### SOURCE MATERIAL

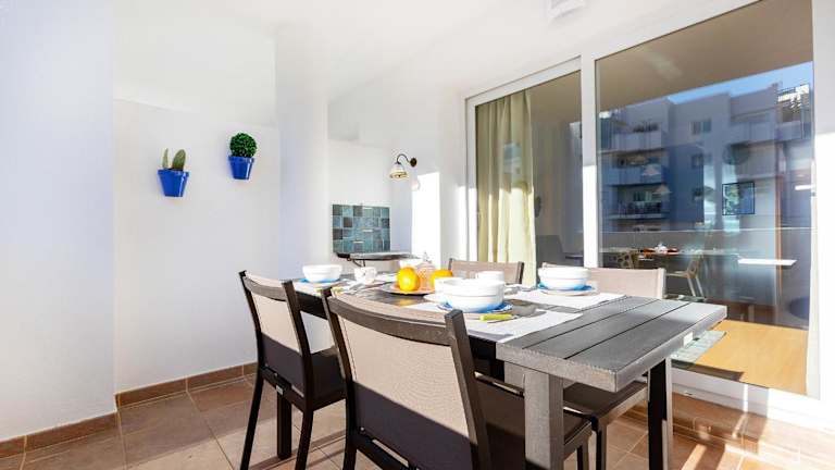 Die Unterkunft RNET - Royal Marine II Roses besteht aus einer Ferienwohnung und bietet eine Terrasse mit Poolblick.
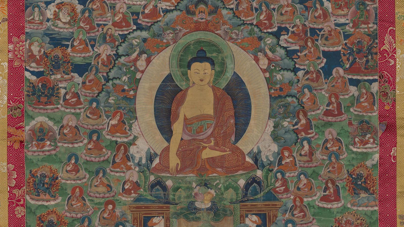 Top image: The Buddha Shakyamuni with Lamas, 1700-1800. Tibet. Colors on cotton. Asian Art Museum, The Avery Brundage Collection, B60D23+. Photograph © Asian Art Museum of San Francisco.
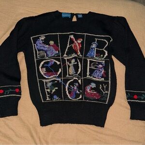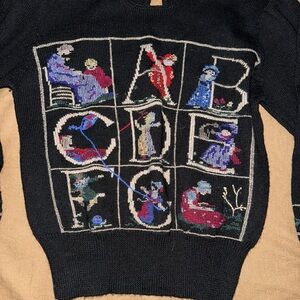 Carroll Reed wool sweater. Size small. Grandma or cottagecore needlepoint design. Vintage 80s.

### HOW TO COMPLETE THIS TASK
Everything from the first line of the listing above through the line that contains "Top image: The" is to be restated word for word, minus the pictures.

### SOLVED PROBLEM
 Die Unterkunft RNET - Royal Marine II Roses besteht aus einer Ferienwohnung und bietet eine Terrasse mit Poolblick.
 Top image: The Buddha Shakyamuni with Lamas, 1700-1800. Tibet. Colors on cotton. Asian Art Museum, The Avery Brundage Collection, B60D23+. Photograph © Asian Art Museum of San Francisco.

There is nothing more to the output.